**Exercise:** Would you print the records below from the first line through the line containing "Elevation Concept Drawing", skipping the pictures?

**Recorded data:**
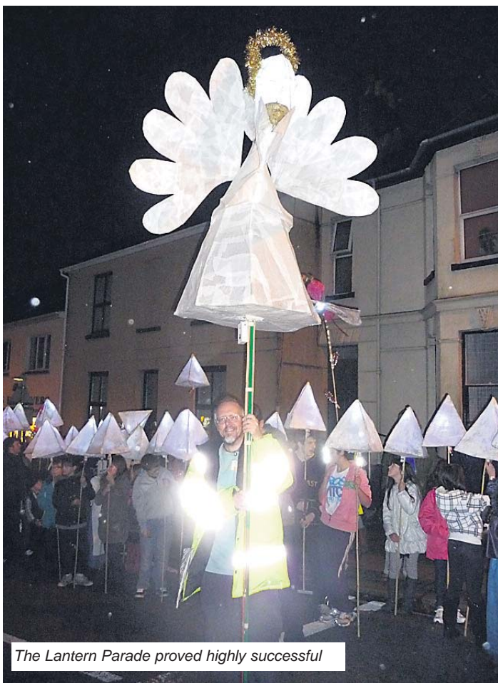
The Lantern Parade proved highly successful

Now visit.... www.saltash-observer.co.uk
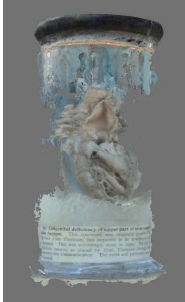
Figure 3: Wet specimen visualised by photogrammetry, displaying artefacts from preservation fluid and problems caused by glass reflection.
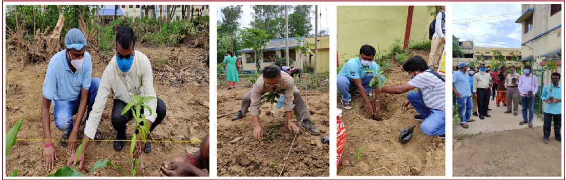
Tree Plantation programme by teachers, July 2021
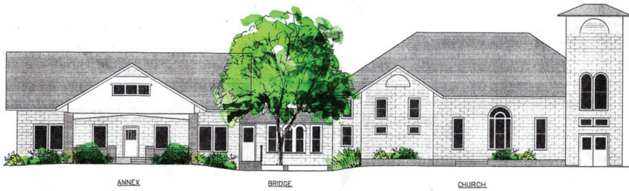
Elevation Concept Drawing

The design build project consisted of building a handicap access bridge to connect the existing Church and Annex building; renovating the interior of Annex which was built in the 40's, remodeled in the 70's and in need of complete interior update. The building needed to have ductwork and central air conditioning, insulation in the walls and ceilings, new Men and Womens ADA bathrooms, new electrical wiring throughout the building, demolition and restoration of the interior of the Annex Building. R3group tx is working hand in hand with the Board to restore the property back to its original state.
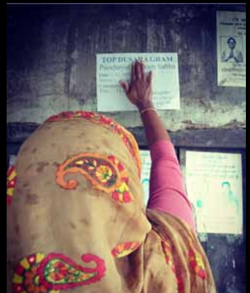
Mobilization through posters
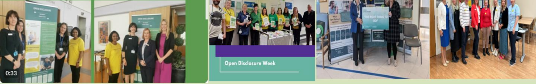
Dublin Midlands Hospital Group

A number of initiatives took place to highlight the importance of Open Disclosure for patients and service-users, their support persons and caregivers - all of whom have a crucial role to play in open disclosure and in improving patient safety.
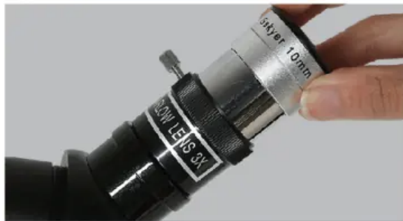
21. Insert 10mm eyepiece into 3X Barlow lens. (advise not use for viewing landscape)
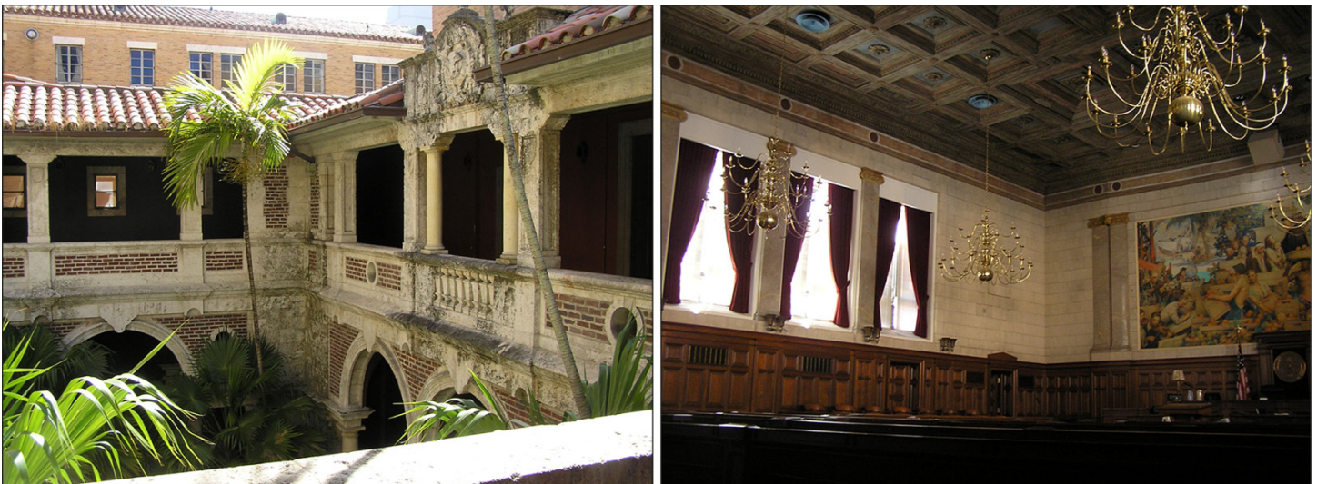
Figure 2: The Center Courtroom Entrance and Interior in the Dyer U.S. Courthouse

The Ferguson Courthouse is an example that includes all three causes of extra space. It contains approximately 238,000 extra square feet of space, which we estimated increased the construction costs by $48.5 million dollars in constant 2010 dollars and costs an additional $3.5 million annually to rent, operate, and maintain. In addition to building the Ferguson Courthouse larger than necessary, the judiciary has abandoned the historic Dyer Courthouse, which has remained vacant since 2008, with its 10 courtrooms (see fig. 2). Considering the extent of the extra space built, it is unclear if the Ferguson Courthouse would have been necessary had the judiciary retained use of the Dyer Courthouse.
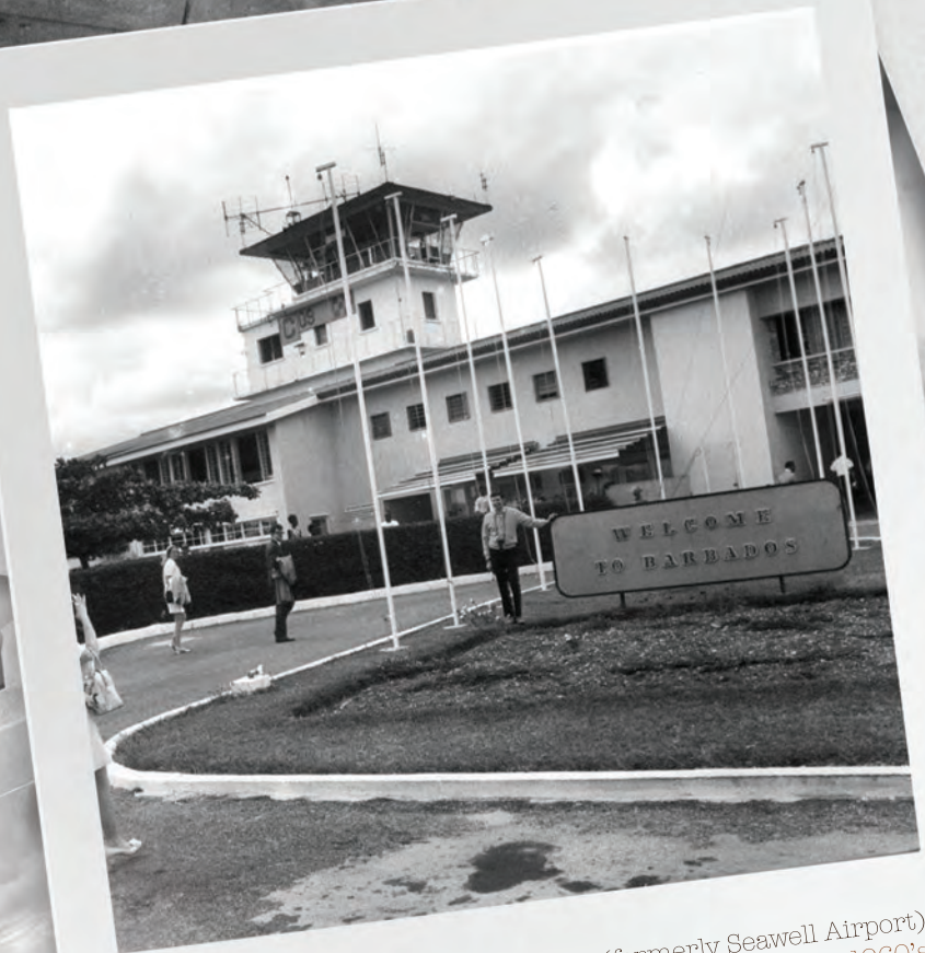
GAIA (formerly Seawell Airport) 1960's

**Solution to this exercise:**
The Lantern Parade proved highly successful

Now visit.... www.saltash-observer.co.uk
Figure 3: Wet specimen visualised by photogrammetry, displaying artefacts from preservation fluid and problems caused by glass reflection.
Tree Plantation programme by teachers, July 2021
Elevation Concept Drawing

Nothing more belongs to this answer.